Asia/Pacific summit: US/China chart green(er) energy future, Putin punches baby that appears potentially gay
The US and China announced a plan to implement new limits on carbon emissions in November at the Asia Pacific economic conference or something, whatever it was called. The plan was met with lukewarm enthusiasm by “experts” (according to Reuters) because it didn’t break any new ground. Still, it is undeniably good news to have the two largest GHG emitters speaking constructively about the subject, as opposed to wasting a rare face-to-face meeting by squabbling about all the other trade/cybersecurity/territorial disputes that exist. If pollution and greenhouse gases are a concern of yours (I don’t care for either though the climate change debate must survive without me), then we should all be pretty ecstatic that these two are talking about this stuff instead of counterfeit marmalade.
According to a Reuters blog from Nov 12, the US and China account for 64 % of total CO2 emissions from the top 10 countries in the world, and are pretty much the only two countries that matter (India is the third biggest culprit, though its’ CO2 emissions are 1/2 the US’s and 1/4 of China’s). If China lopped 10 percent off its CO2 emissions total, for example, that would more than offset Germany’s entire CO2 production. So if the end goal is to limit the rise of global temperatures, the US and China have to get into some sort of competition, maybe the leader of the losing side has to wear an “I’m dirtier than you” shirt for a week or something, if there is going to be any meaningful progress on the climate change front.
Compounding the problem in the shorter term is the recent drop in oil prices. Not many consumers see that as a problem, but we all know what happens when fuel gets cheap – we buy plane tickets, order V8s in our cars and air-condition the dog’s house. For there to be true long-lasting gains in energy efficiency, oil prices need to get considerably higher so that solar, wind, geothermal, etc. options are all cheap in comparison.
So tricky times for these leaders, who simultaneously need cheap energy to keep their economies from crashing, and also need expensive energy to get everyone on the green bandwagon.

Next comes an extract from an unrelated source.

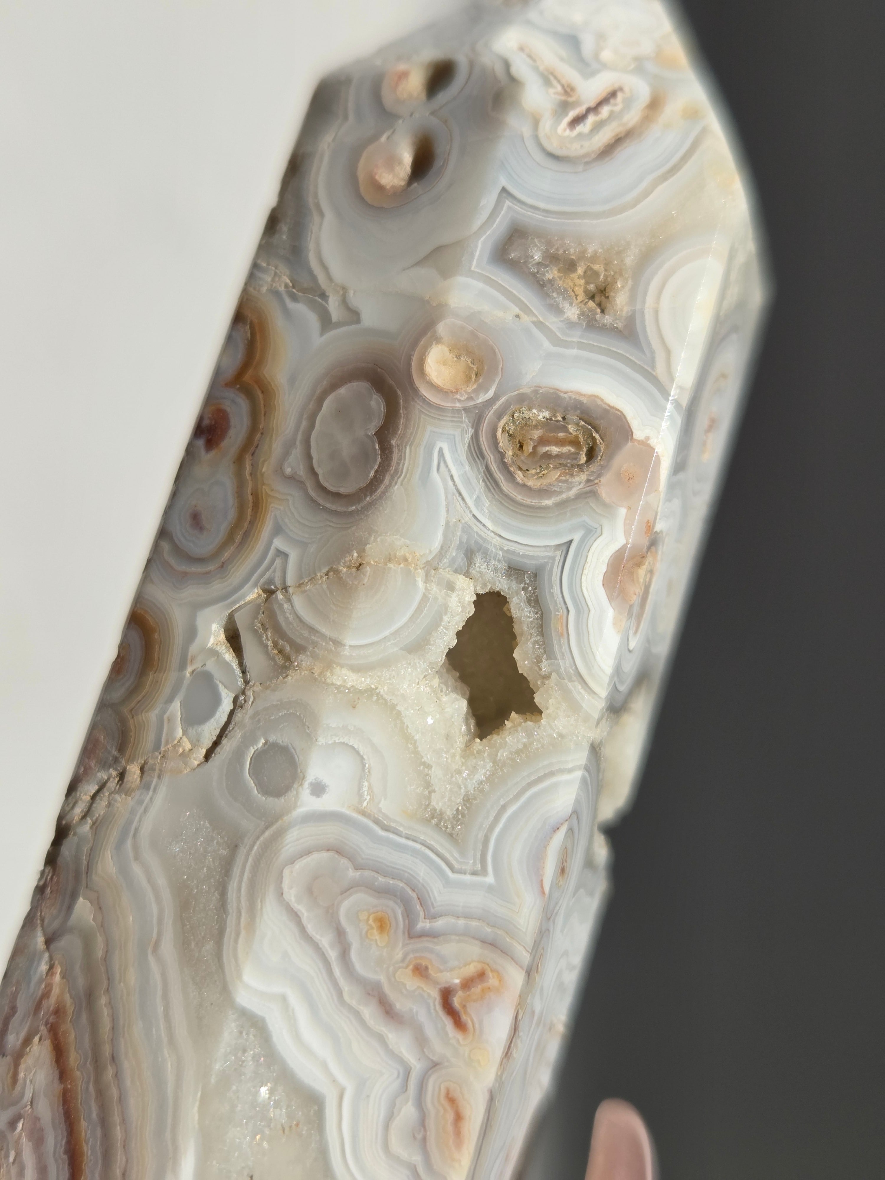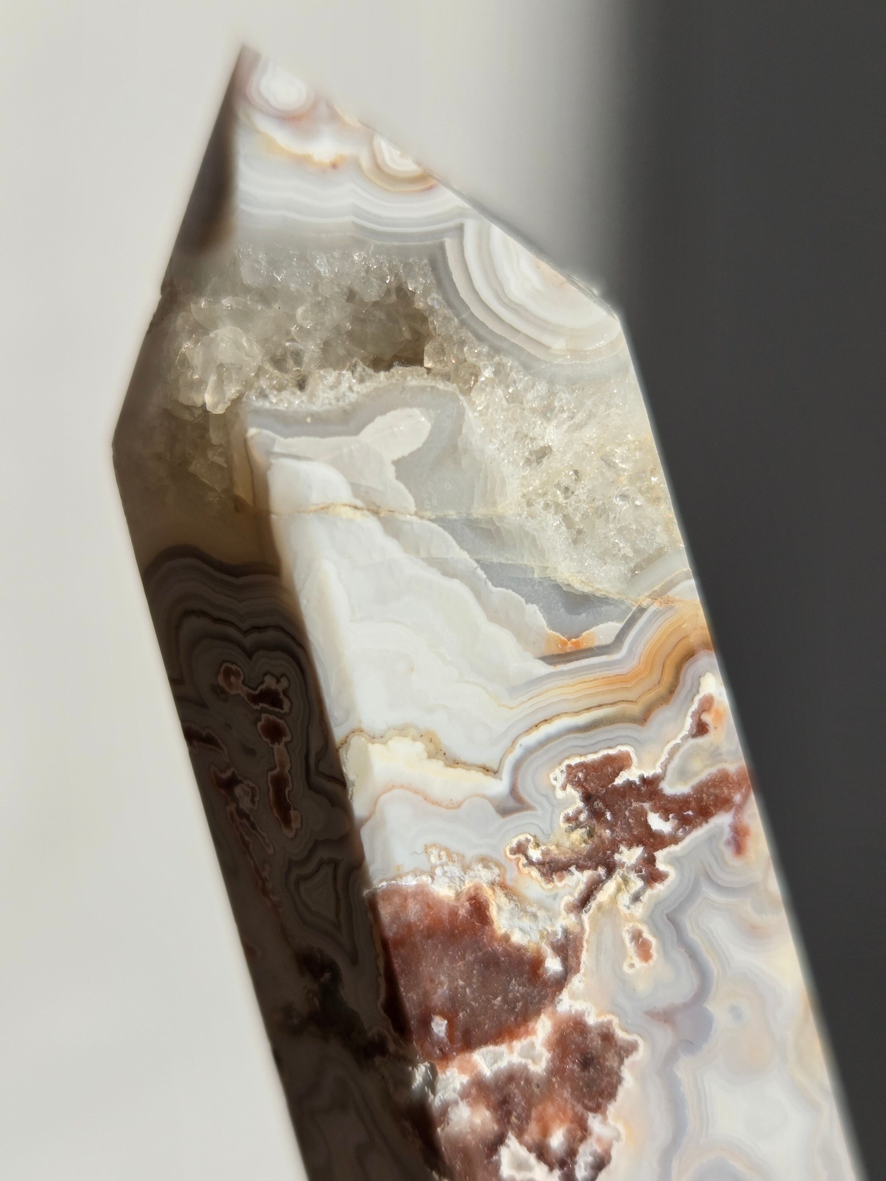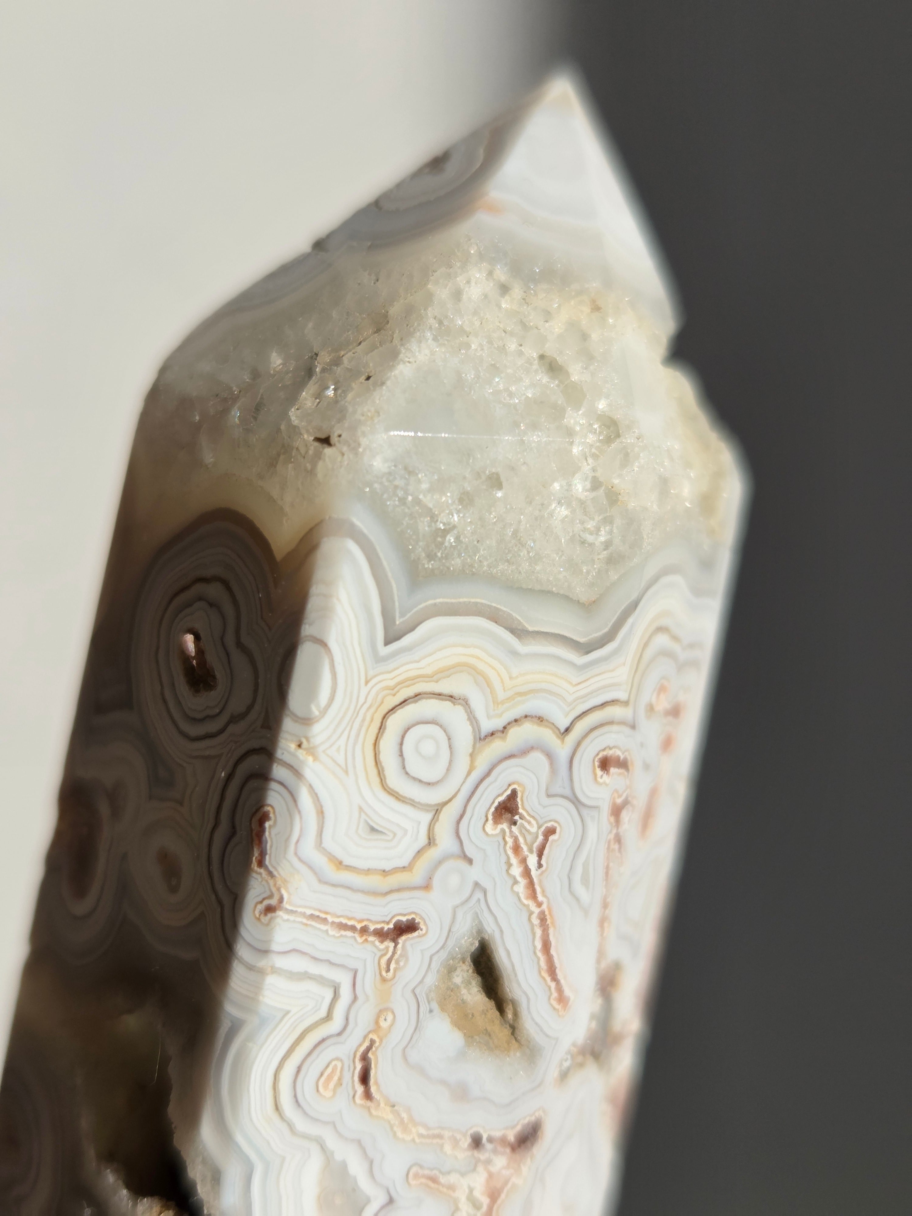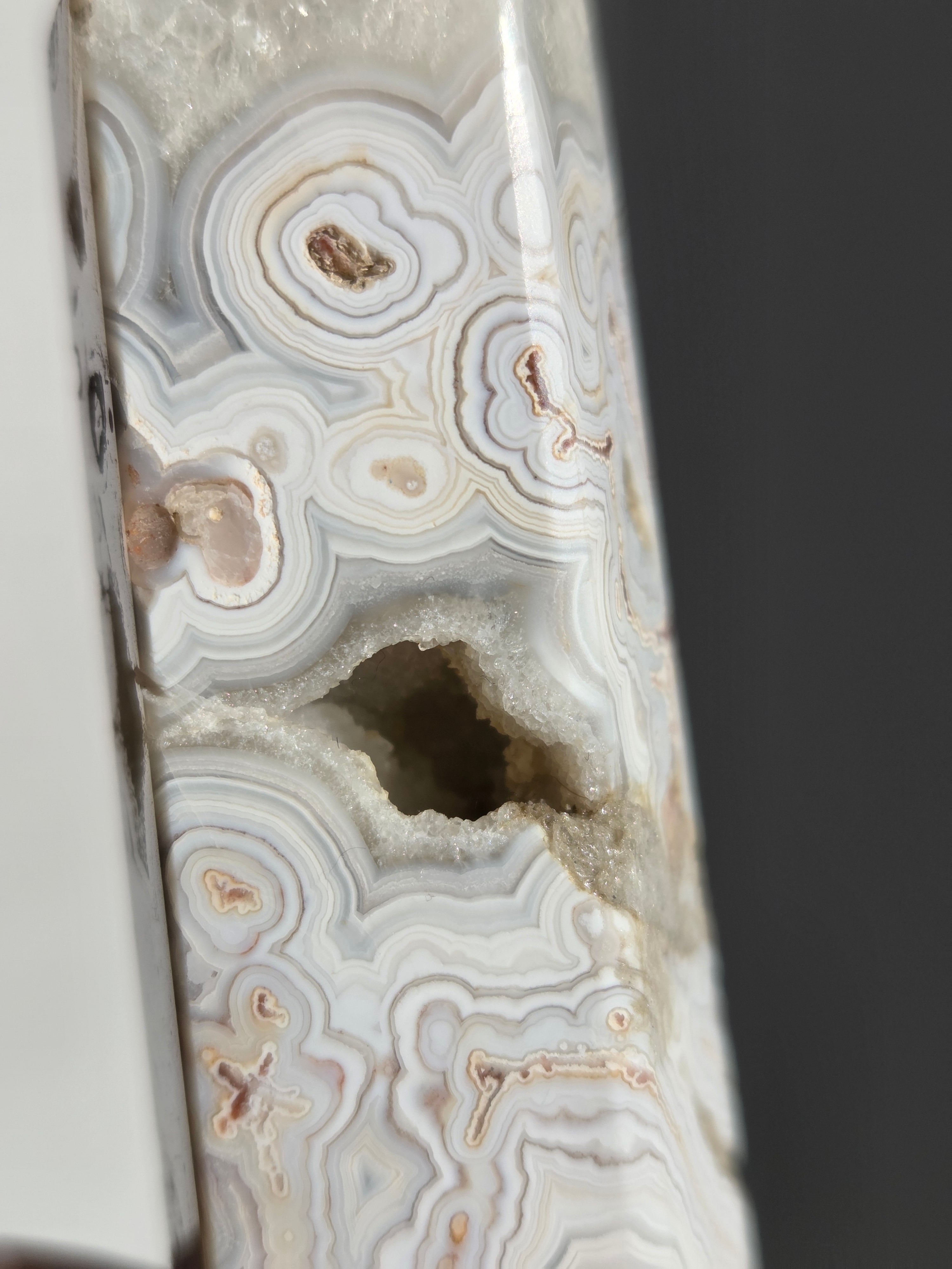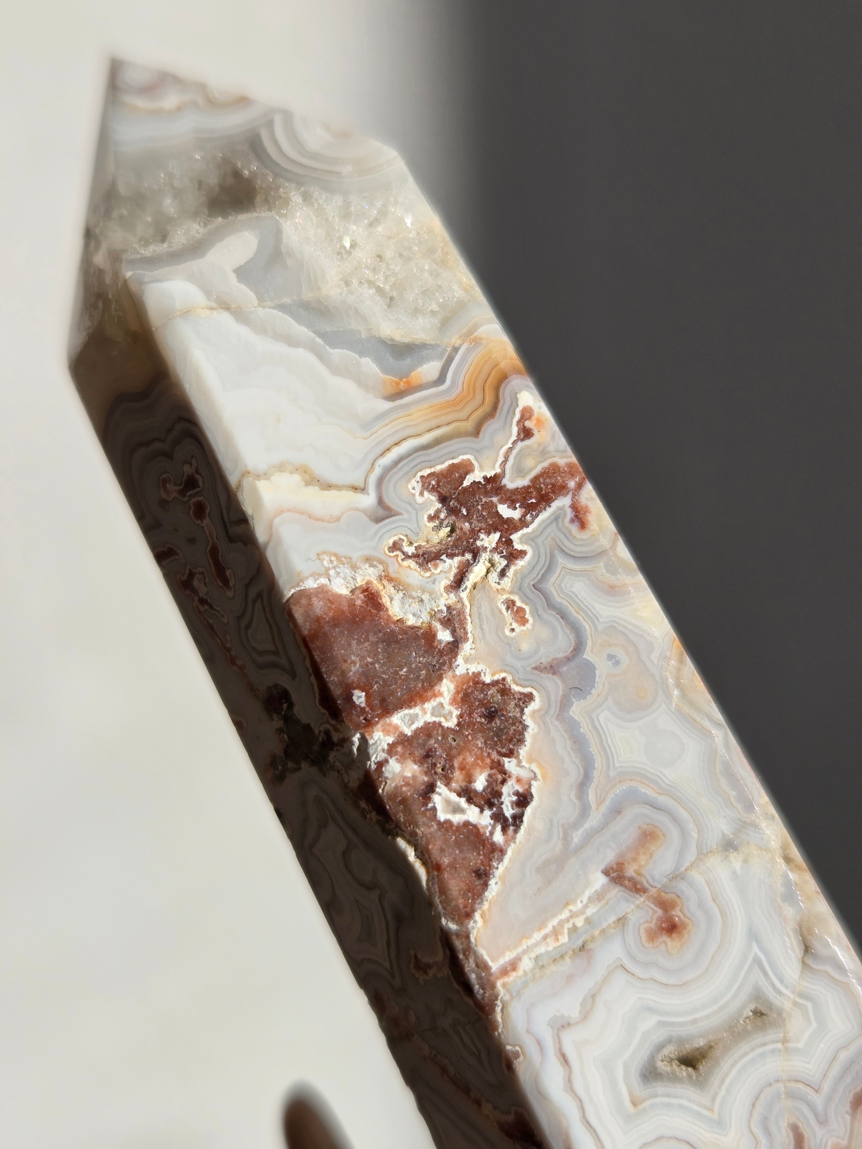 クレイジーレースアゲートは、ヒーリングストーンの一つで、幾層にも重なった模様から発せられる些細な波動が心身にやさしく働きかけ、持ち主の精神的な痛みを和らげ、感情的な負担を解放してくれるといわれています。 クレイジーレースアゲートは、強力な守護力があり、旅の守護石とも呼ばれています。

Things are considerably simpler for Vladimir Putin, who is just plain crazy. His antics could possibly just be really dark Russian humour, they have such a deadpan delivery it’s hard to tell. I understand that producing ten million barrels of oil per day and possession of a nuclear weapons arsenal (even if the cold war-vintage bombs are as scarred and dented as a 30 year old fridge that fell off a truck on the freeway) might give you a certain swagger. And fundamentally his main beef with the Ukraine is valid: a legitimately elected government that happened to be pro-Russian was overthrown and replaced in a sort of coup. The west tends to get upset when those things happen, unless of course the voting dimwits in question elected a government the west doesn’t care for. So hypocrisy is sitting on both benches on this one, but Putin’s tactics do make him stand out even in the formidable procession of Russian weirdos that have run that vast and unique country. Who spends $50 billion to stage the Winter Olympics (a disturbing question in its own right) with the main goal being to show the world the “New Russia” (their phrase, lifted from the official opening ceremonies, not mine), and then invades a neighbouring country two months later, destroying any semblance of goodwill or even the very memory of those expensive Olympics?
At any rate, when the two biggest pollution emitters set aside a bunch of relatively minor irritants and agree that they should do something about the ankle-deep filth, it should be considered substantial progress, even if it takes a while to get the ball rolling. And with characters like Putin wandering around the world stage, delusional as a crack-head, taking off his shirt and flexing his 60 year old muscles to just, you know, remind us, it’s good that the two biggest superpowers are standing together watching in shared incredulity rather than joining him.